Publishing in the journal Nature Climate Change a group of scientists has reported that the growth in global carbon dioxide emissions from fossil fuels and industry since 2000 has slowed in the past two years.
Prof. Richard Betts, Head of Climate Impacts Research at the Met Office Hadley Centre, and Chair in Climate Impacts at the University of Exeter, said:
“The Sunday Times headline on this work was very misleading. Even if CO2 emissions do continue the apparent plateau of the last year, the actual concentrations will continue to rise for some time.
“It’s like filling a bath – to stop it overflowing, you don’t just make the taps run slower as this just delays the inevitable – you have to turn them off altogether.”
Prof. Myles Allen, Professor of Geosystem Science, University of Oxford, said:
“It’s only a matter of time before some bright spark comes out with ‘emissions fell last year while temperatures rose to record heights, PROVING they aren’t connected’ — but, of course, temperatures respond to the accumulation of carbon dioxide in the atmosphere, not the rate of emission in any given year.
“So to stop temperatures rising, net emissions need to be reduced to zero. But for that, emissions need to peak first. So evidence that it is possible to grow the world economy while reducing emissions is of course good news.
“Is this the beginning of the end of global warming? Probably not. But let’s hope it is the end of the beginning.”
Prof. Michael Grubb, Professor of International Energy and Climate Change Policy at University College London, and Editor-in-Chief, Climate Policy journal, said:
“Three big messages in this study could transform the global debate. The trend of rapid global emissions growth has been broken: this keeps 2 deg.C in play. China is starting to win its battle with coal consumption: the question for the next decade is whether coal reductions can offset its consumer-driven growth in oil and gas. And the hard-won policies for clean energy in Europe, and increasingly the US, are delivering: sustained 2%/yr emission reductions over the past decade have accelerated to 4%/yr for the past two years in the EU. There could hardly be better news to help the Paris conference in its final days.”

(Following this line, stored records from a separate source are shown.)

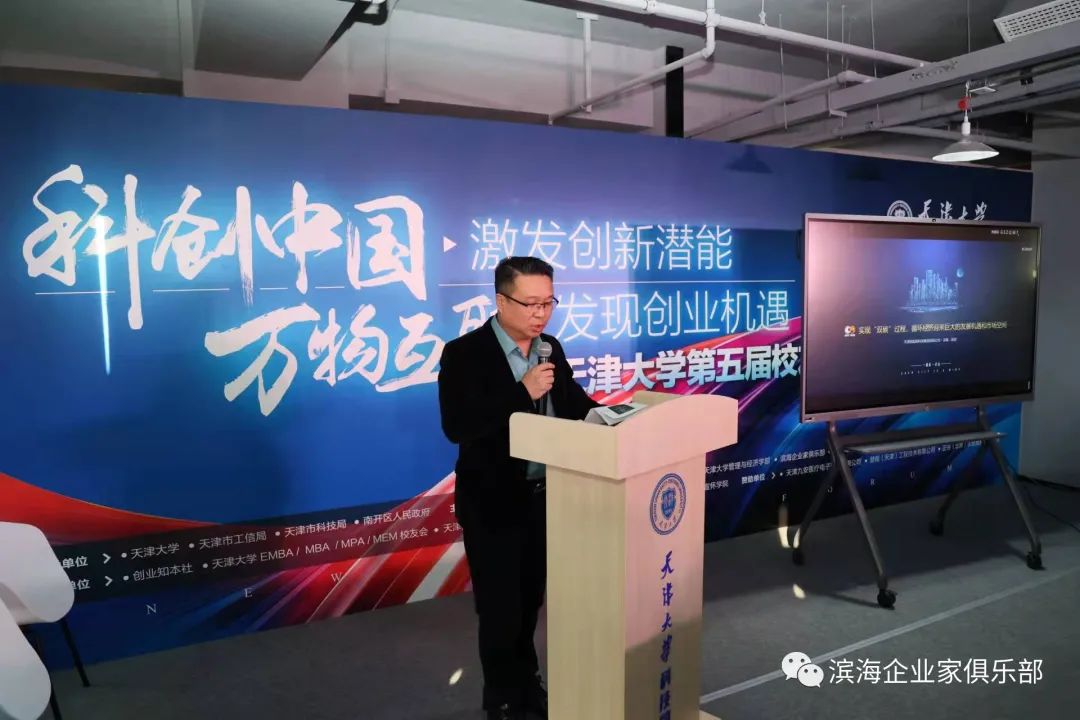 2022年01月25日2022年1月8日,天津大学第五届校友创新创业新年论坛如期开幕,本次论坛采取线下小范围交流与线上直播的方式进行,近5000全球天大校友在线上围绕创新创业主题碰撞思想,交流互动。以“科创中国,激发创新潜能;万物互联,发现创业机遇”为主题,天大校友企业家、创业家相聚一堂,共话创新创业、夯实创业生态取得的新进展,推动天津大学“斯坦福+硅谷”模式的形成。滨海企业家俱乐部与天大校友会携手并进、共建共赢,实现俱乐部始终坚守的初心使命:致力于打造促进创业的家园、搭建成果共享的舞台、创建学习交流的平台、构建政商互动的桥梁。滨海企业家俱乐部轮值理事长、天津拾起卖科技有限公司总裁陈奕结合创新创业,做了《实现“双碳”过程,循环经济迎来巨大的发展机遇和市场空间》专题演讲。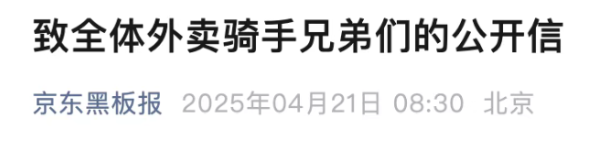 4月21日,京东发布《致全体外卖骑手兄弟们的公开信》。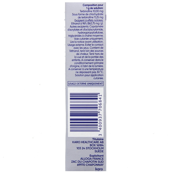 La solution doit être appliquée en fine couche, sur les orteils, sur la voûte plantaire et sur les côtés latéraux du pied, en commençant par les espaces entre les orteils. Laisser ensuite sécher la solution, sans masser, pendant 1 à 2 minutes jusqu'à formation d'un film. Il est recommandé d'appliquer la solution après avoir nettoyé et séché les pieds et d'attendre 24 heures avant de se laver à nouveau les pieds, afin de permettre une pénétration maximale du produit. Un tube permet de traiter les 2 pieds.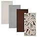 One solid gray, one gray/orange stripes, one ivory/beige stripes, one beige with allover dino print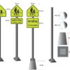 ชุดเสาพร้อมป้ายระวังทางแยก Intersection warning sign
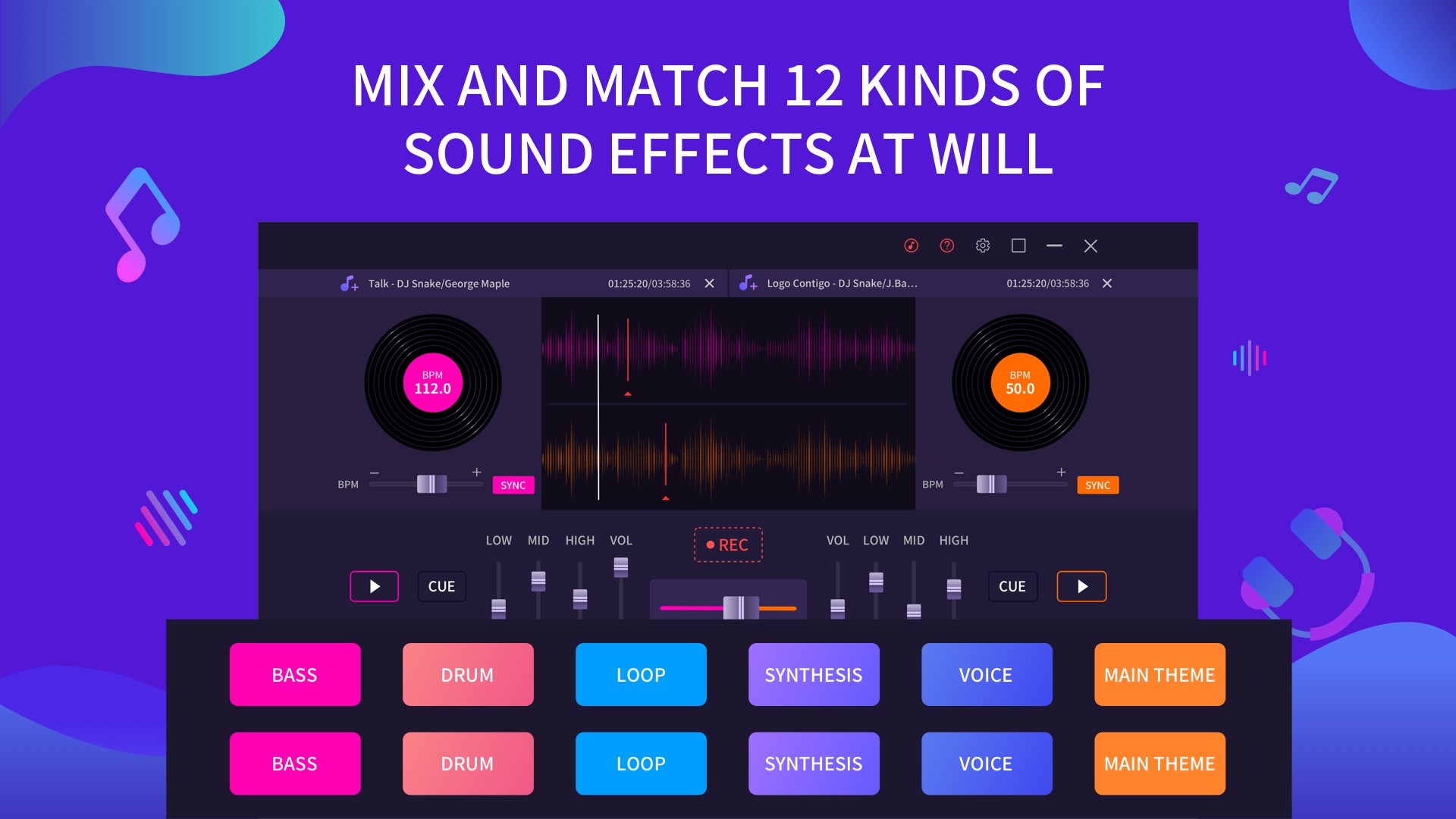 DJ Mixer is a DJ music mixing and production software. The mixer provides a variety of sound effects. The interface uses double vinyl disks to restore the live version of the DJing environment. The product also provides sliding/shortcut keys for DJing and variable speed adjustment. And other functions, to provide you with a rich product experience, so that you who like to create can also create trendy music while sitting in front of the computer.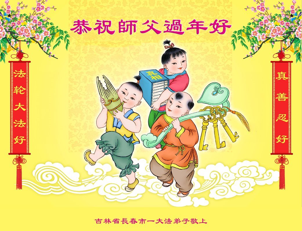 恭祝慈悲伟大的师尊过年好! 叩拜师尊 叩拜师尊 弟子问好 寄语飞鸿 略把心表 法难当前 大法指导 坚修不动 狂风不摇 秉持法宝 溶法内找 查漏去执 亡羊补牢 不畏不惧 等闲笑傲 法徒护法 慈悲永保 法赐神通 洪微横扫 兑现誓约 救众除爪 天地净化 佛光永耀 吉林省长春市农安县大法弟子敬上 吉林省长春大法弟子及家人恭祝师尊新年快乐!
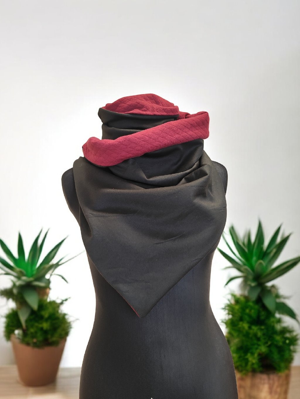 Oboustranná šála na knoflíky, prošívaná vínová/černá, 2. Jakost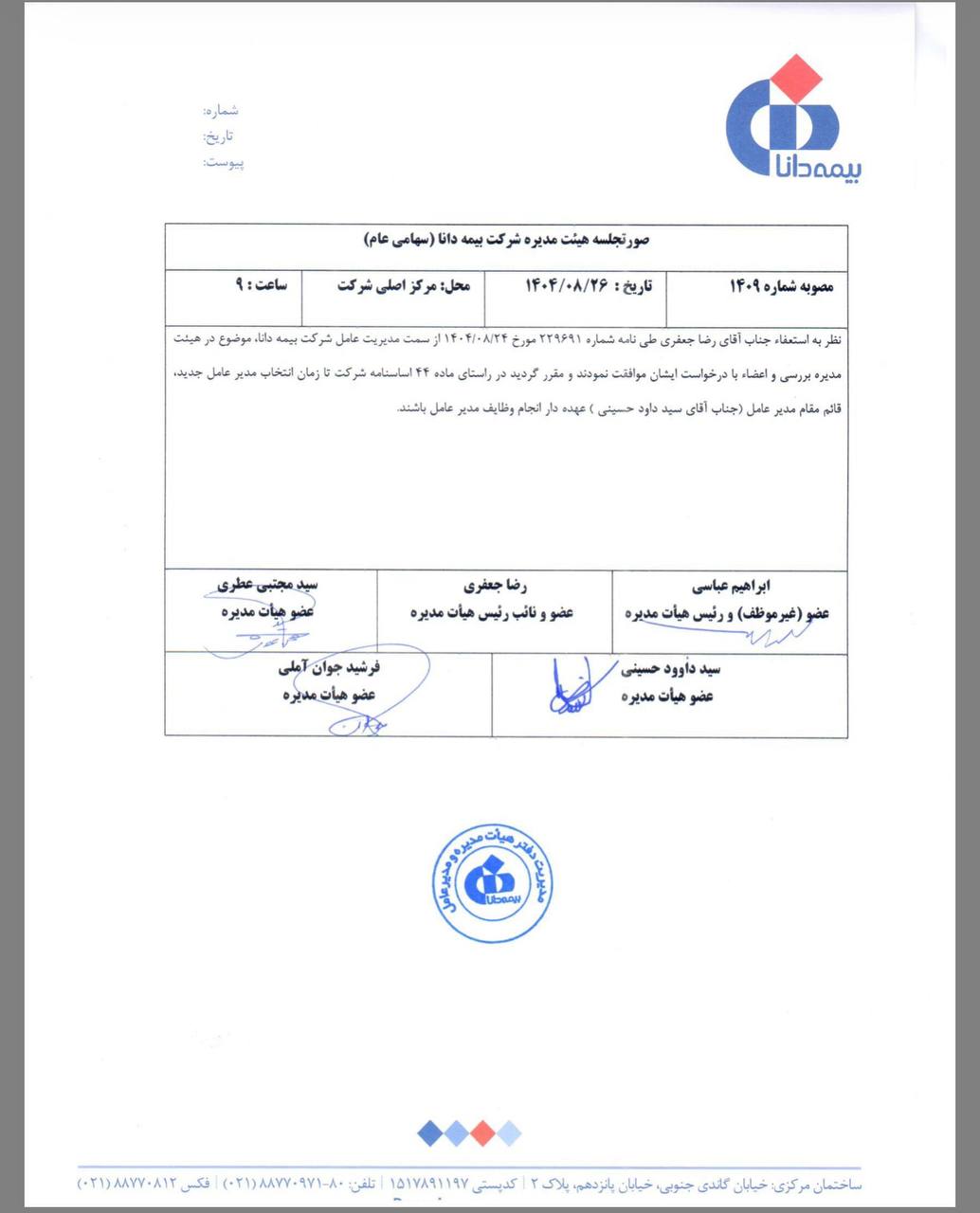 به دنبال استعفای دکتر رضا جعفر از مدیرعاملی بیمه دانا و پذیرش استعفای وی از سوی هیأتمدیره این شرکت، دکتر سید داوود حسینی قائم مقام مدیرعامل به عنوان سرپرست بیمه دانا منصوب شد.

Prof. David Reay, Professor of Carbon Management at the University of Edinburgh, said:
“These studies show just how crucial breaking our dependency on coal really is. The recent slowdown in coal burning and stalling of CO2 emissions gives hope that we can soon start moving down a global decarbonisation path.
“Be in no doubt, there is a long, long way still to go. To stay within the 2 degrees global warming target emissions can’t just stall, they need to fall.

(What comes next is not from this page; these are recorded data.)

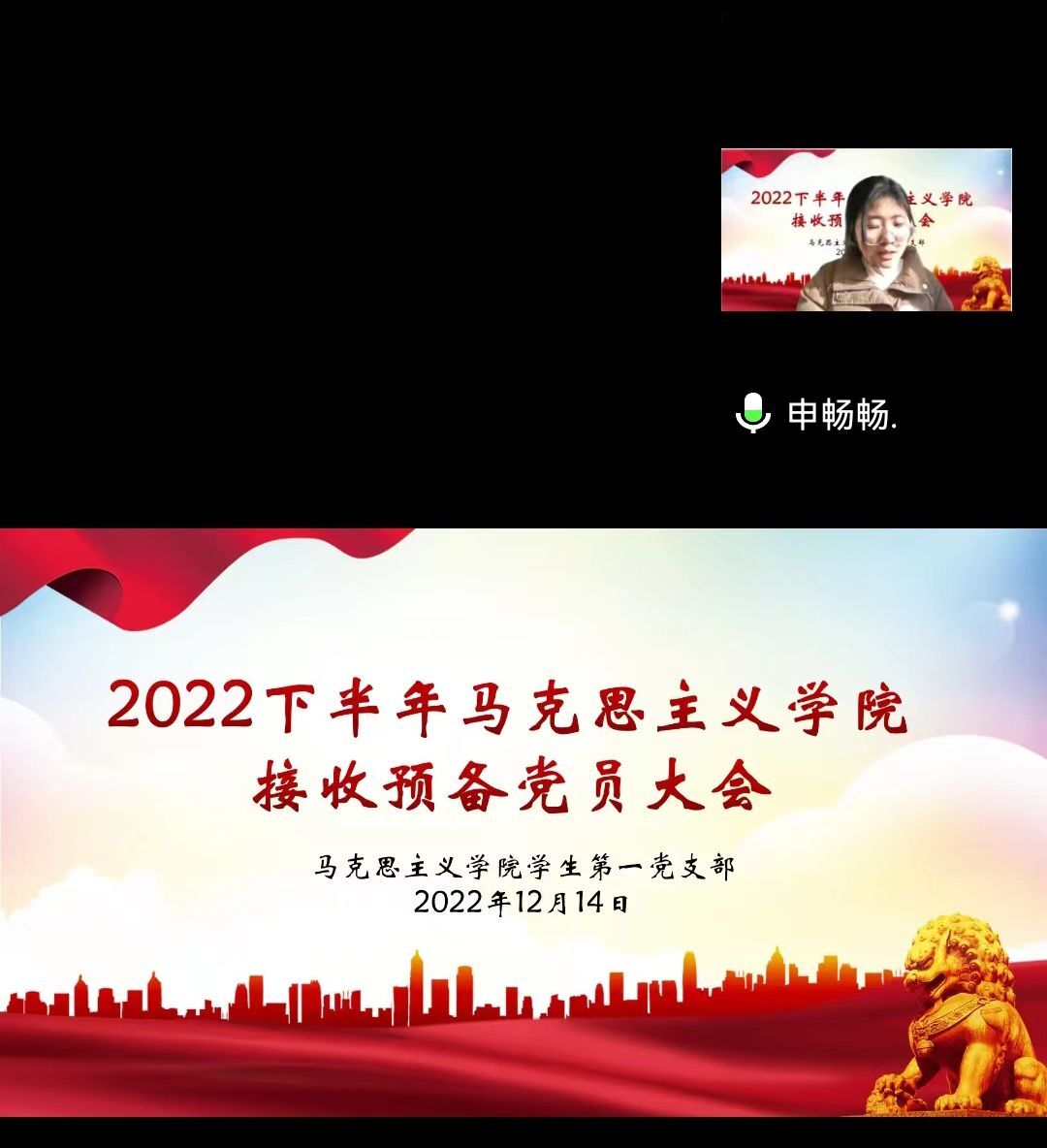 中共信阳师范公司XCSport员工第一党支部委员会于2022年12月14日在腾讯会议召开了2022年下半年接收预备党员支部大会。公司员工第一党支部书记高小佳,员工第一党支部全体党员,预备党员和党员发展对象共同参加此次会议。会议由卢茜雨主持。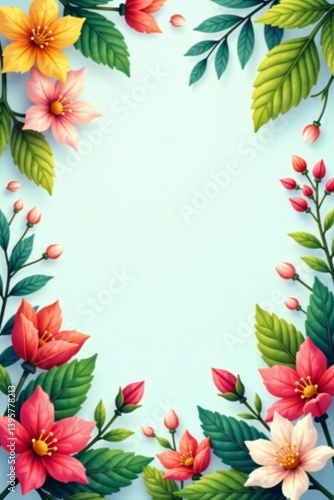 A vibrant spring vector background with colorful leaves and blooming flowers, colorful, vibrant, nature
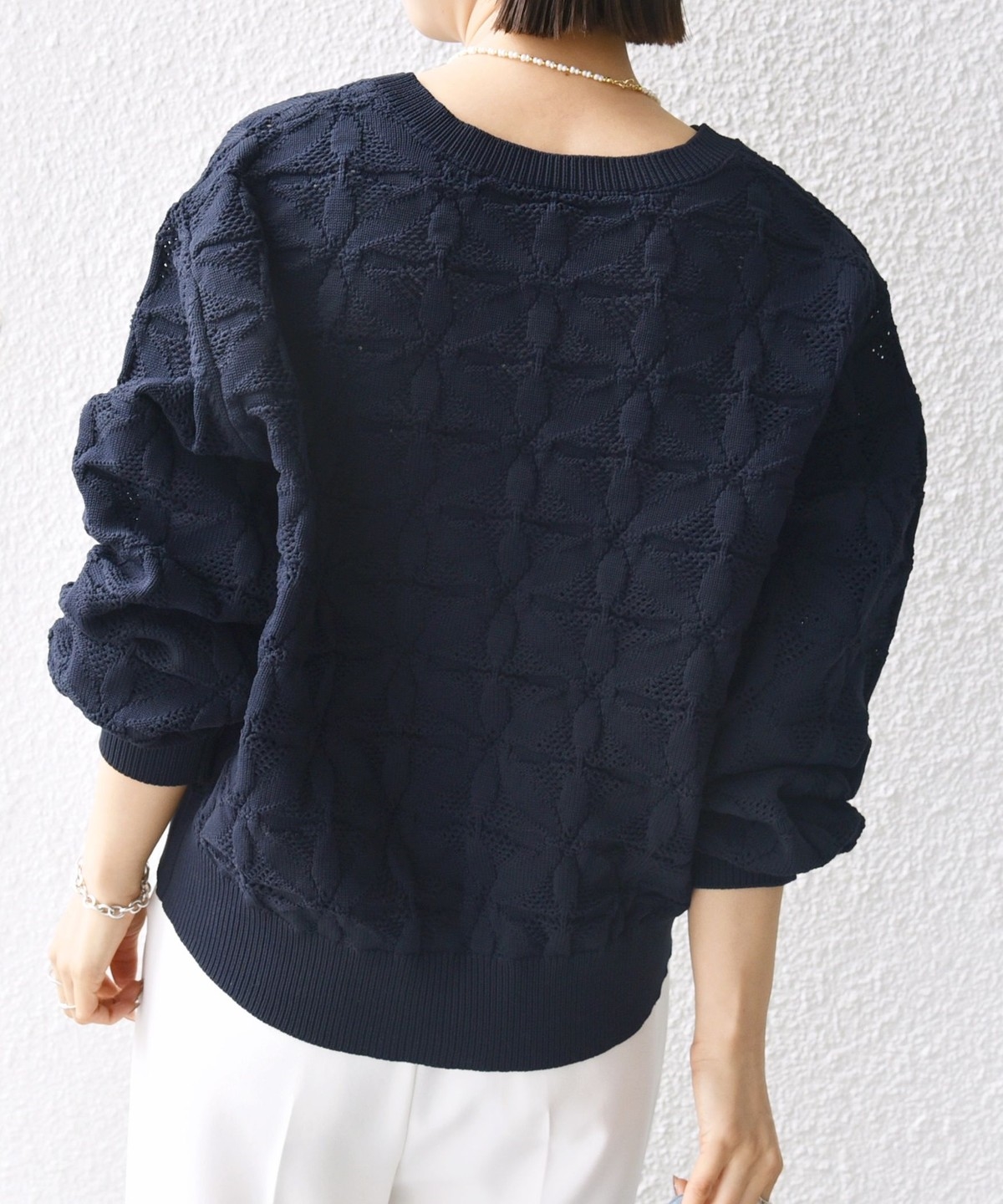 フラワーモチーフの柄編みが素敵なニットプルオーバー。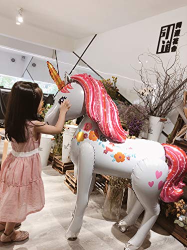 - HIGH QUALITY:Unicorn balloons are made of aluminium foil,hard to burst and can be inflated by air or helium based on your need.banners are made from paper that has no harm to human body.

“Whether 2015 is the year we truly turn the corner on global emissions or is just a blip in the upward march towards dangerous climate change now depends on Paris.”
Dr Tim Osborn, Reader at the Climatic Research Unit, University of East Anglia (UEA), said:
“Lower-than-expected CO2 emissions in 2015 are welcome, but 2015 emissions are still higher than in every year up to 2013 and CO2 is still accumulating in the atmosphere because we are adding it (through our emissions) more quickly than natural processes are able to remove it from the atmosphere and store it in the oceans and forests.”
‘Reaching peak emissions’ by Robert B. Jackson et al. published in Nature Climate Change on Monday 7 December.